We deliver 1.3B webhooks/day (15K/sec) to merchant endpoints. Merchant servers are unreliable. On failure: retry with exponential backoff at 1 min, 5 min, 30 min, 2 hours, 24 hours. After 5 retries (~26 hours), move to a dead letter queue (DLQ). Merchants replay from the DLQ via dashboard. Each webhook includes an event_id for merchant-side dedup and an HMAC-SHA256 signature for authenticity verification. Why at-least-once (not exactly-once)? Exactly-once across an unreliable network requires the merchant to implement idempotency anyway.

💡 Exponential backoff: 1m, 5m, 30m, 2h, 24h. DLQ after 5 retries. HMAC signature.

⚠ Delivering webhooks synchronously in the charge response path. If the merchant endpoint is slow (5s), the customer waits 5s for their charge to complete.

PCI-DSS: Encrypt at Rest + In Transit + Audit Log

PCI-DSS Level 1 requires: (1) Encryption at rest: AES-256 for all stored card data. Only the token vault stores card data. (2) Encryption in transit: TLS 1.2+ for all network communication, including internal services. (3) Audit log: every access to cardholder data is logged with timestamp, user, action, and result. Logs are immutable and retained for 1 year. (4) Network segmentation: the token vault lives in its own VPC with no direct internet access. Only the payment service can reach it via a private link. Yearly audit cost:

50K-

500K depending on scope. Tokenization reduces scope to 1 vault.

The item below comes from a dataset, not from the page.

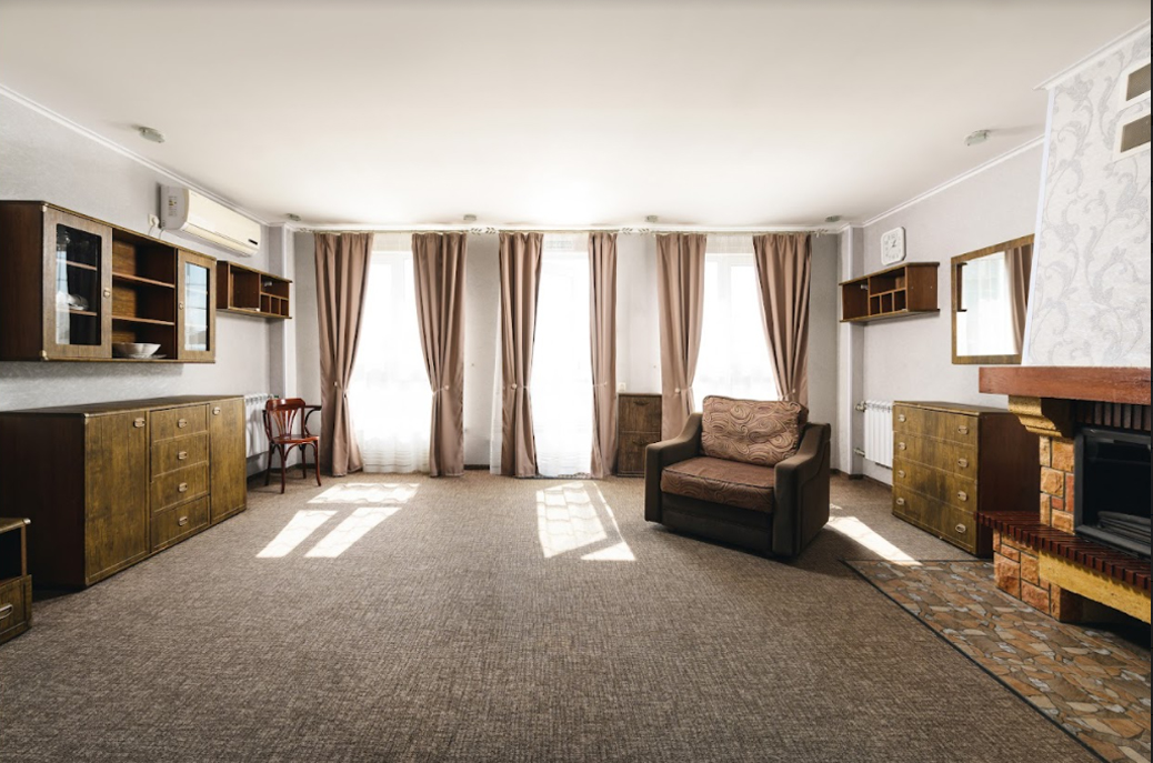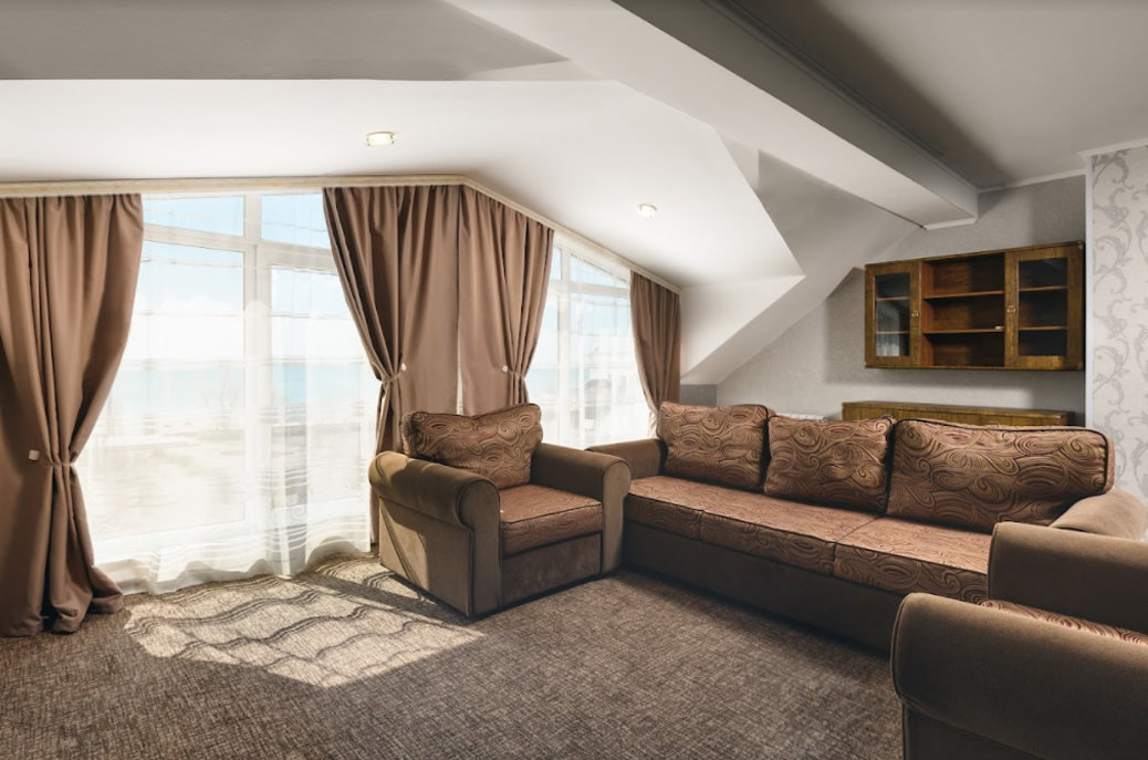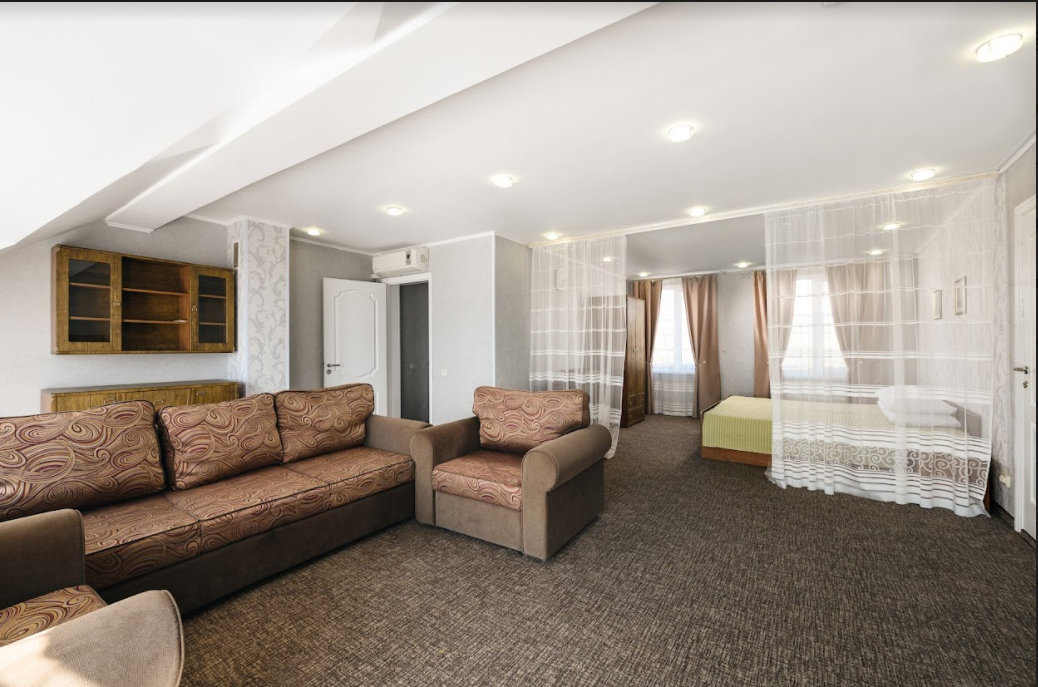 Площадь номера - 100 кв.м. 2 осн. места. 2 доп. места. Мебель: вешалка, диван, зеркало, комод, кресла, кровати односпальные, прикроватные тумбочки, стол, столик журнальный, стулья, тумба, шкаф. Оборудование: гладильная доска, кондиционер, сейф, стиральная машина, телевизор, утюг, холодильник, чайный набор посуды, электрочайник. Санузел: с душем, тапочки, туалетные принадлежности, фен, халат. Сервис: смена полотенец, смена постельного белья, уборка номера.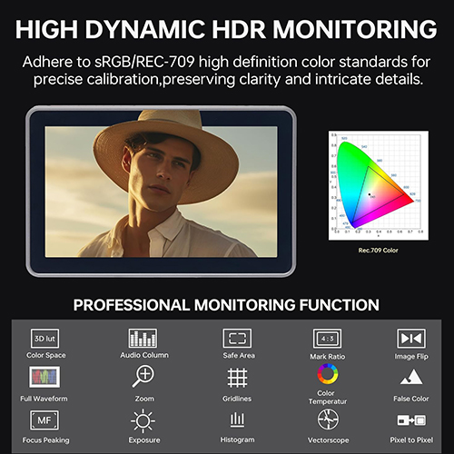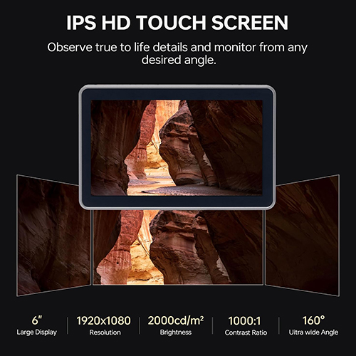 -Daylight-viewable, 6″ on-camera LCD monitor with 1920 x 1080 resolution

💡 AES-256 at rest, TLS 1.2+ in transit, immutable audit logs, vault in isolated VPC.

⚠ Storing encrypted card numbers in the main application database. Even encrypted, PCI-DSS considers the database in-scope because the app server handles decryption keys.

Reconciliation: Batch Compare Gateway vs Network at T+1

Each day at T+1, the card network sends a settlement file listing every transaction with amounts and statuses. Our reconciliation job compares this file against our ledger_entries table line by line. Any mismatch triggers an alert for manual review. The job processes

432M \times 900B = 389\text{ GB}

of data per run, partitioned by merchant_id across 50 workers, completing in under 2 hours. This catches double charges, missing captures, and timeout ambiguities. Settlement (actual money movement) takes T+2 to T+3 business days.

💡 T+1 settlement file. Line-by-line comparison. 389 GB/run. 50 parallel workers. T+2/T+3 money movement.

⚠ Trusting your own ledger without comparing it against the card network's records. Two independent systems must agree on every transaction.

Sharding by merchant_id: Co-locates All Merchant Data

#10

We shard by merchant_id across 8 PostgreSQL instances. This co-locates a merchant's transactions, ledger entries, and merchant record on the same shard, so the idempotency check + INSERT + ledger write happen in one local ACID transaction without distributed coordination. Why not shard by transaction_id? Because the idempotency check requires looking up (merchant_id, idempotency_key), which would scatter across shards. Merchant-based sharding also enables per-merchant reconciliation in parallel. Trade-off: hot merchants (high-volume) create shard skew. We mitigate with consistent hashing and merchant migration tooling.

💡 Shard by merchant_id. ACID txn stays on one shard. 8 shards for 10K TPS.

⚠ Sharding by transaction_id. The idempotency check requires a lookup by (merchant_id, idempotency_key), which would require a scatter-gather across all shards.